We politely find a data cleaning work which calls itself alignment, see Reformatted Alignment [1]. [1] introduces a method called REALIGN that reformats existing instructional data to enhance its quality for better mathematical performance; the authors argue such reformatting is a kind of alignment.

The work utilizes data rephrasing to achieve the goal of 'alignment.' The differences between 'native alignment' and [1] in alignment are

  • [1] rephrased data at the Supervised Finetuning stage; this work (native alignment) rephrased data at the pre-training stage;
  • [1] is more like a format alignment while native alignment additionally emphasize value alignment in the sense of reducing harmfulness and biases in data.

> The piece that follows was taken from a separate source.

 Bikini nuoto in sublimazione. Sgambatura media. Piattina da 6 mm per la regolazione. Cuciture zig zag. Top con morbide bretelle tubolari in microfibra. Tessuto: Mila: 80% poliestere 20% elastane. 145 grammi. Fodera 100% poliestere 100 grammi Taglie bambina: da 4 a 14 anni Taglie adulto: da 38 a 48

[1] Fan, R.Z., Li, X., Zou, H., Li, J., He, S., Chern, E., Hu, J. and Liu, P., 2024. Reformatted alignment. arXiv preprint arXiv:2402.12219.

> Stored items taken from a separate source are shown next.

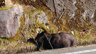 2015年12月1日 ニホンカモシカ 11/5(木)に友人たちと、再び美ヶ原へ行きました。紅葉のピークは過ぎていましたが、とても暖かい一日で、たいへん気持ちよかったです。 美ヶ原から下ること約5分、なんと、ニホンカモシカに出くわしました。道路の側溝に入って、何か物色しているようでした。車の中から写真を撮ったのですが、残念ながらカメラ目線はいただけませんでした。 下の写真は美ヶ原から松本方面を撮ったものです。
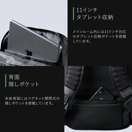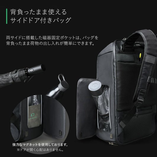 ・両サイドに搭載した磁器固定ポケットは、バッグを背負ったまま荷物の出し入れが簡単にできます。
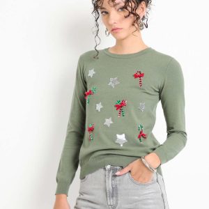 Jersey de Navidad para Mujer Santa y Rudolph Sonrientes
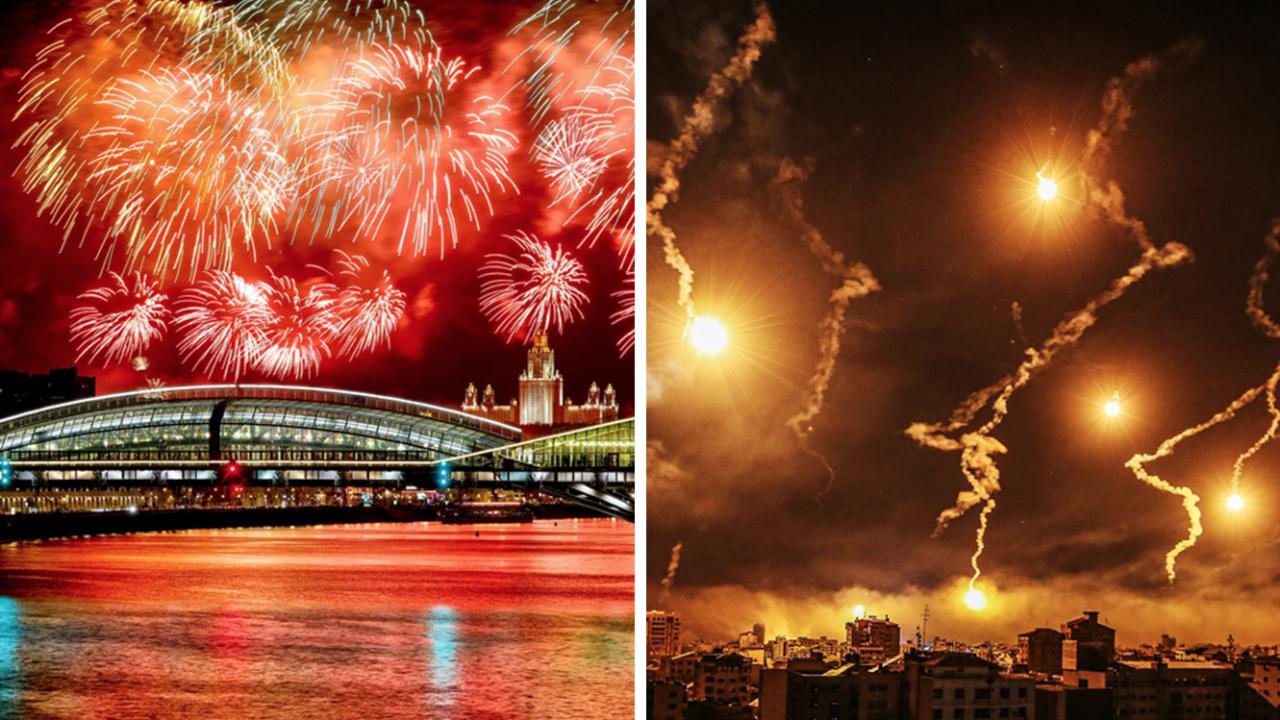 Bir tarafta yılbaşı heyecanı ve havai fişek gösterileri; diğer tarafta ise İsrail`in Gazze`ye saldırılarında kullandığı aydınlatma fişeği...
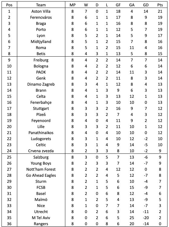 Teams failing to make it through to the play-offs include the likes of Salzburg, Young Boys, Nottingham Forest and Go Ahead Eagles with every club bar one picking up some points. The team that is tipped to finish a bruising campaign with zero points is theRangers with M Tev Aviv ending up second bottom with just two points more than the latest Ibrox club. Here’s how the Europa League SuperComputer sees things panning out…
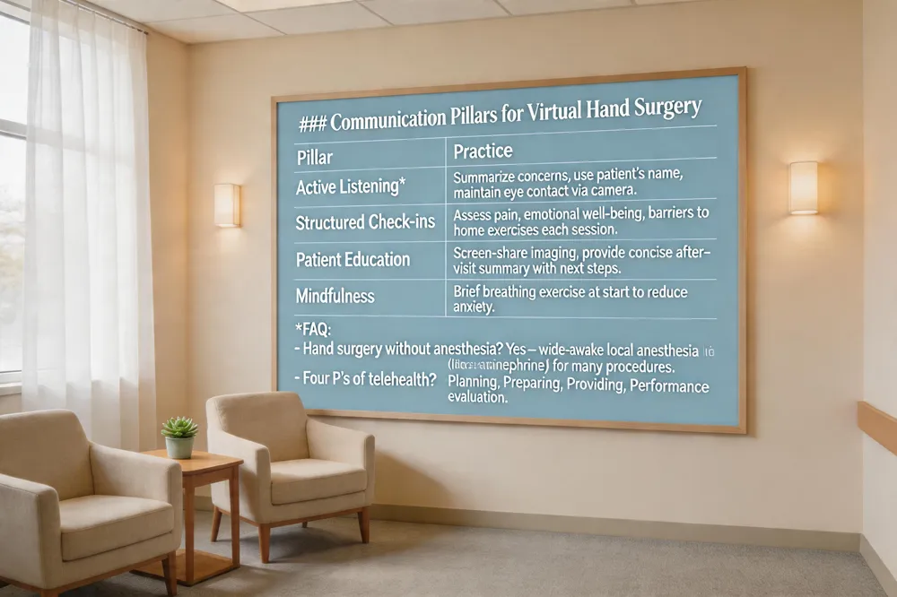 Effective virtual hand surgery visits rely on three core communication pillars. First, clinicians practice active listening, maintain eye‑contact by looking directly at the camera, and use a calm, reassuring tone; these behaviors, shown to raise patient satisfaction and adherence (Johnson et al., 2025; Patient and Provider Experiences 2024). Second, structured check‑ins are built into each session: the surgeon asks about pain levels, emotional well‑being, and any barriers to home‑based exercises, mirroring Dr. Rebecca S. Yu's patient‑centered protocol. Third, patient education is enhanced by screen‑sharing imaging studies in real time, followed by a concise after‑visit summary that outlines next steps, medication instructions, and contact information for urgent concerns. To further reduce anxiety, clinicians can lead a brief mindfulness or breathing exercise at the start of the visit, a practice that has been linked to lower stress and stronger therapeutic rapport (Telemedicine: Is It a Tool for Orthopaedics? 2025).

We sincerely hope that you can consider re-evaluating it.

审稿意见
7

This paper proposes a data augmentation pipeline which modifies the pre training data for large language models in key aspects such as formatting, values, content moderation and knowledge preservation. The resulting pipeline, termed native alignment, is applied Arabic LLMs due to the relatively small pretraining corpus available and the difference between Arabic and western culture. Experiments are conducted to test the performance on a few metrics including trustworthiness, knowledge, and Arabic localisation.

优点

This is a well written paper targeting the important topic of llm alignment. It also addresses the relatively under explored sub question of how to improve alignment at pretraining. The resulting pipeline presents a reasonable idea, and the evaluations are clear and I find them comprehensive too. The author(s) should also be commended for their transparency regarding the limitations of the paper.

缺点

Although this might have become the norm of recent LLM papers, I still think it is important to include a discussion of the metrics used to measure things like 'trustworthiness' and 'knowledge', as these are qualitative metrics, whereas in the paper, it seems like the authors just quoted some existing evaluation pipeline.

问题

Step 3 of the pipeline talks about training language models to act in place of the human experts. I may have missed this but I think the authors should explicate how exactly this is done in the experiment section - are the authors using already pre trained LLMs to finetune as experts? How would we know that these are aligned themselves? If we cannot trust the LLM experts and must resort to human experts, then it's unclear to me how this method should scale up.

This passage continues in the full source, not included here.